- Problem: Exactly as written, transcribe the data from its opening line through the line containing "大公文匯全媒體報道,熱帶風暴". Leave every picture out.

- Data provided:
=-=-=-=-=

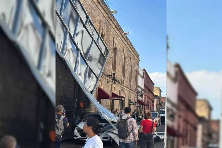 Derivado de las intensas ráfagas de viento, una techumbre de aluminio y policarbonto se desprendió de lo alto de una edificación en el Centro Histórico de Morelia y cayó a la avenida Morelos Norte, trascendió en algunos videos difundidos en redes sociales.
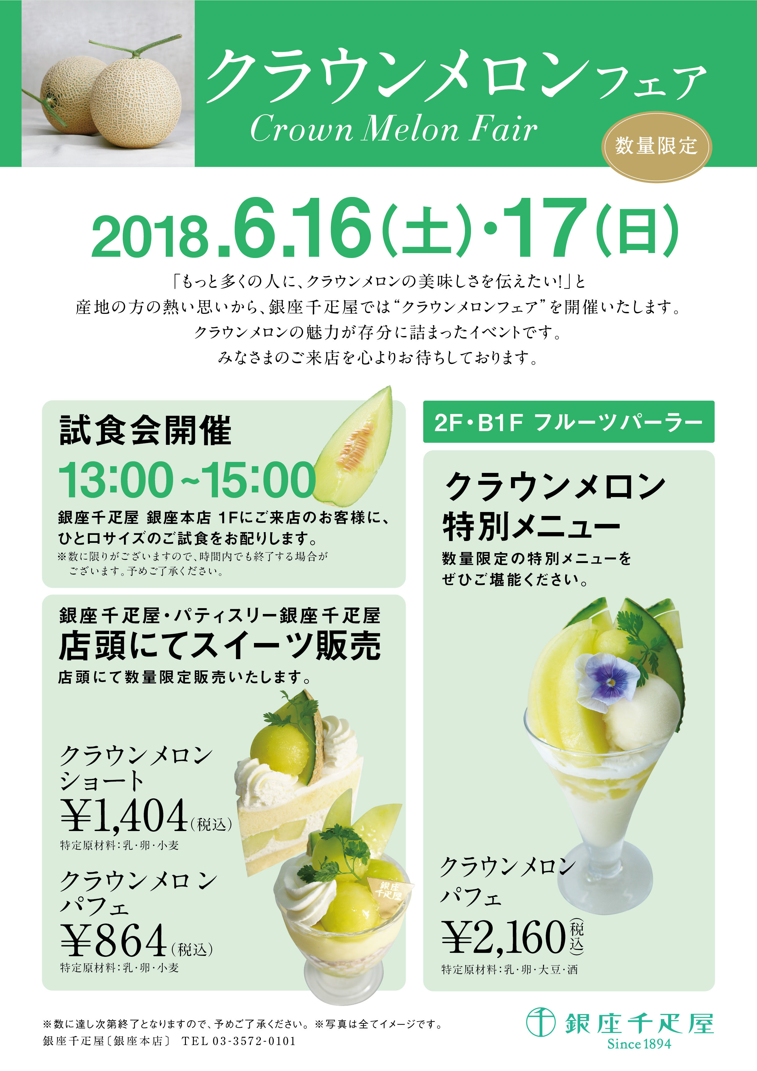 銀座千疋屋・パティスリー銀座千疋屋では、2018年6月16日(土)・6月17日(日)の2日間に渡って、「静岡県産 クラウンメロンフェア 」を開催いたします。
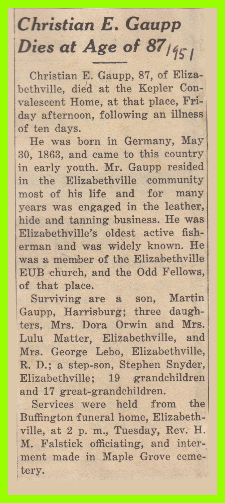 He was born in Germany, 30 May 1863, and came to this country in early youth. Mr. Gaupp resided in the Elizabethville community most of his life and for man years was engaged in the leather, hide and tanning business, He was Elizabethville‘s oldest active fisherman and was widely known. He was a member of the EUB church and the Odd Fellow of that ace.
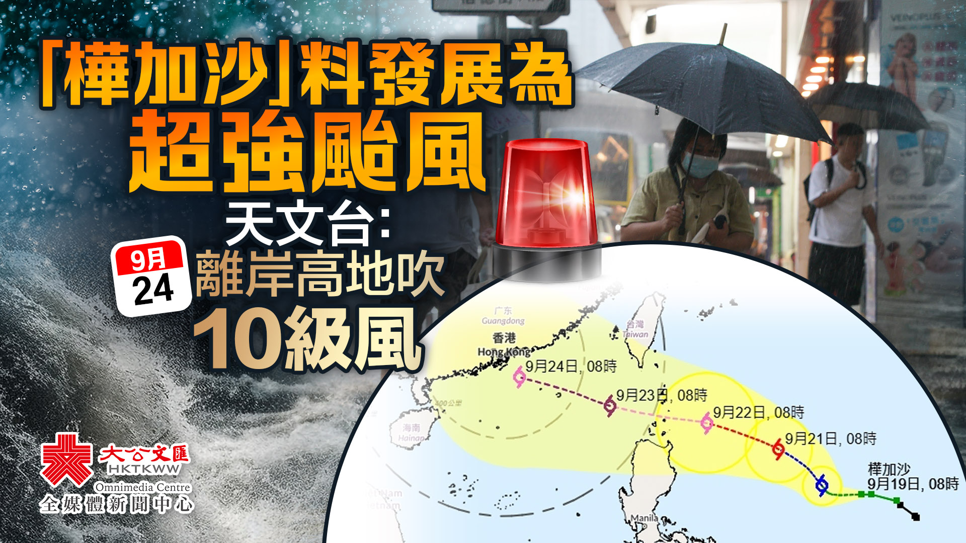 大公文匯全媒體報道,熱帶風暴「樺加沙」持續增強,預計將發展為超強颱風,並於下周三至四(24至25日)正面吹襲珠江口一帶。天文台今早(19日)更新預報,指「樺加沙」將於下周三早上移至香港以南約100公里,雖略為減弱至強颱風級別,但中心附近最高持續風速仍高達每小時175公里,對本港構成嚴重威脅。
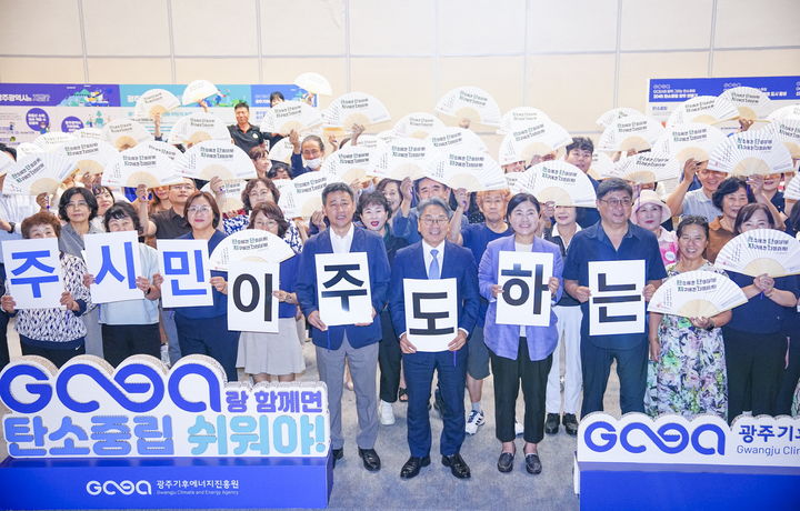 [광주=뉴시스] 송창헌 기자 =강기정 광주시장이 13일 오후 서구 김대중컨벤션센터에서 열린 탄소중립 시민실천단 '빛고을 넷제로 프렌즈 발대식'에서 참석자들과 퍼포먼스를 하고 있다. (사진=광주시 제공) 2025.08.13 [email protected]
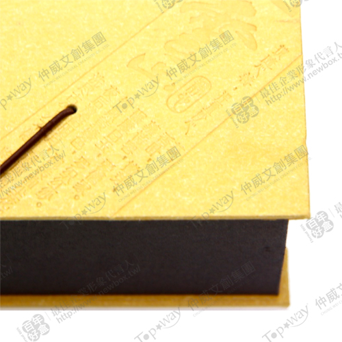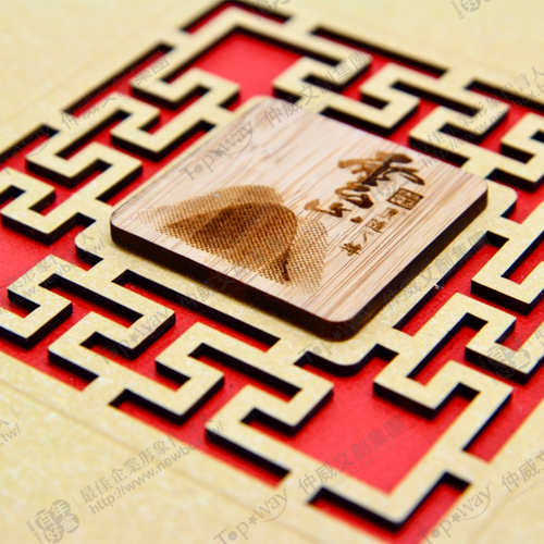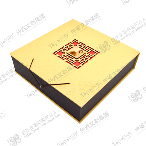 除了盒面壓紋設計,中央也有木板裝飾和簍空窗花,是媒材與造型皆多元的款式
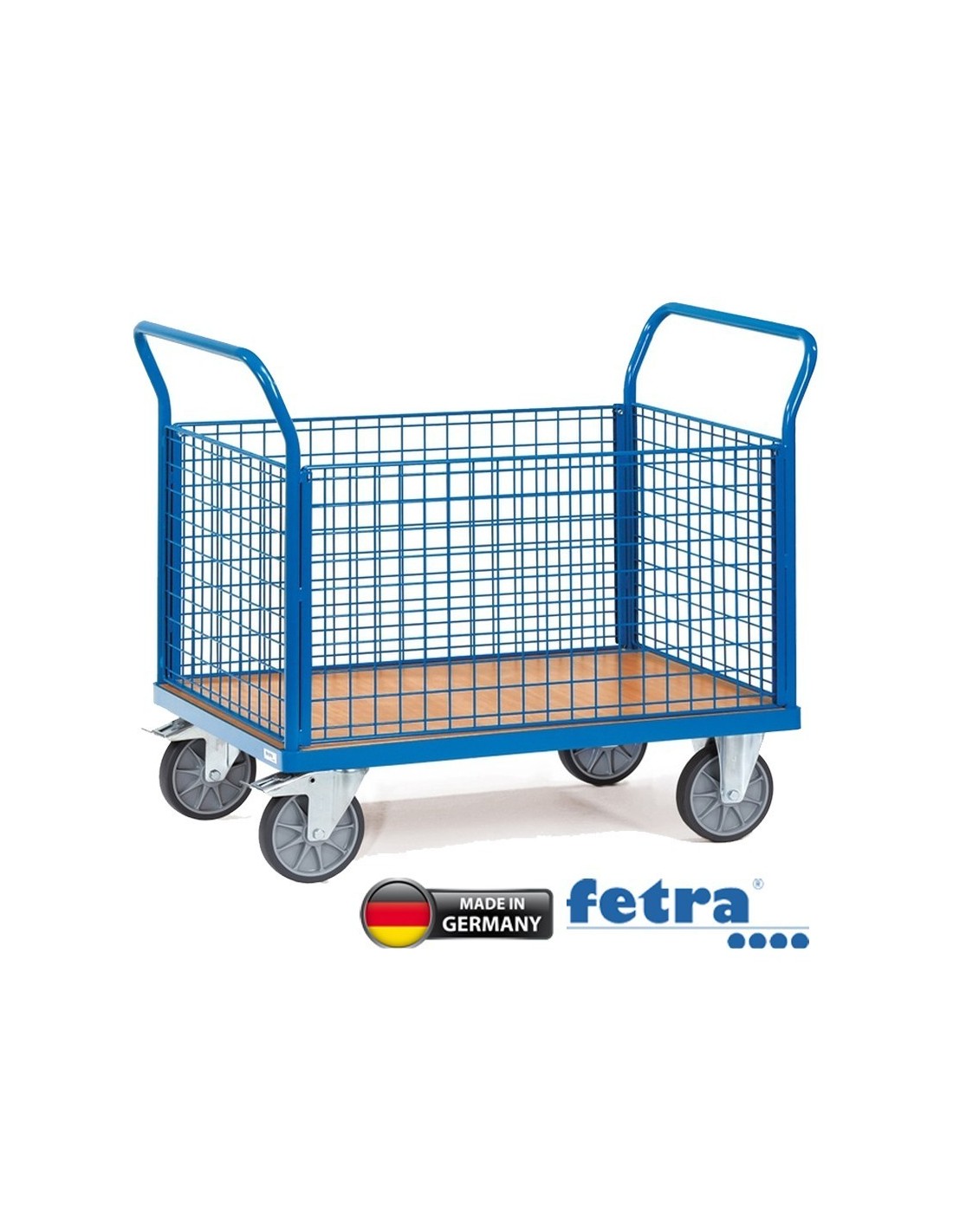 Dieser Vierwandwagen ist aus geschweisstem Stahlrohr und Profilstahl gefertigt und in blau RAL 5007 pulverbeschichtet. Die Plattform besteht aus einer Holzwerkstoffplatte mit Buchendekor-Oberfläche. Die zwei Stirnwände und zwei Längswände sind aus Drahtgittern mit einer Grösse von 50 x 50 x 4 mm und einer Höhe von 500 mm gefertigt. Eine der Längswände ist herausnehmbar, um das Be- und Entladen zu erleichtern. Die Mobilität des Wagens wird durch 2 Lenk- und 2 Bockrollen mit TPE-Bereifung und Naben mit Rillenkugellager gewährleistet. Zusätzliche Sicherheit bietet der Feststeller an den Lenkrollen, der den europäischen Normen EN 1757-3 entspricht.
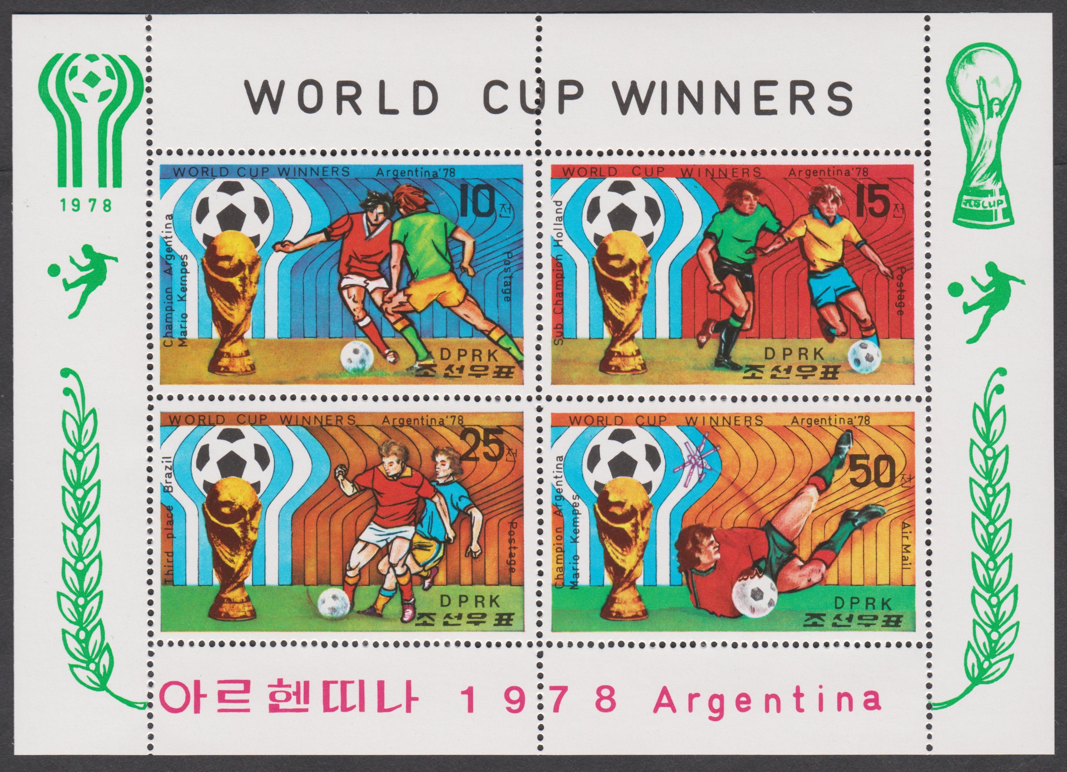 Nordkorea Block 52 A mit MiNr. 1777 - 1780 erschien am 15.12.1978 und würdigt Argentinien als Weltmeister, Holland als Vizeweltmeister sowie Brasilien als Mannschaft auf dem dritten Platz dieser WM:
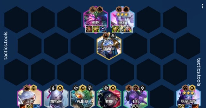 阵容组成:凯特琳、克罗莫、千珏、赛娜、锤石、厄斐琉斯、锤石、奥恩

=-=-=-=-=

- Solution to the problem:
 Derivado de las intensas ráfagas de viento, una techumbre de aluminio y policarbonto se desprendió de lo alto de una edificación en el Centro Histórico de Morelia y cayó a la avenida Morelos Norte, trascendió en algunos videos difundidos en redes sociales.
 銀座千疋屋・パティスリー銀座千疋屋では、2018年6月16日(土)・6月17日(日)の2日間に渡って、「静岡県産 クラウンメロンフェア 」を開催いたします。
 He was born in Germany, 30 May 1863, and came to this country in early youth. Mr. Gaupp resided in the Elizabethville community most of his life and for man years was engaged in the leather, hide and tanning business, He was Elizabethville‘s oldest active fisherman and was widely known. He was a member of the EUB church and the Odd Fellow of that ace.
 大公文匯全媒體報道,熱帶風暴「樺加沙」持續增強,預計將發展為超強颱風,並於下周三至四(24至25日)正面吹襲珠江口一帶。天文台今早(19日)更新預報,指「樺加沙」將於下周三早上移至香港以南約100公里,雖略為減弱至強颱風級別,但中心附近最高持續風速仍高達每小時175公里,對本港構成嚴重威脅。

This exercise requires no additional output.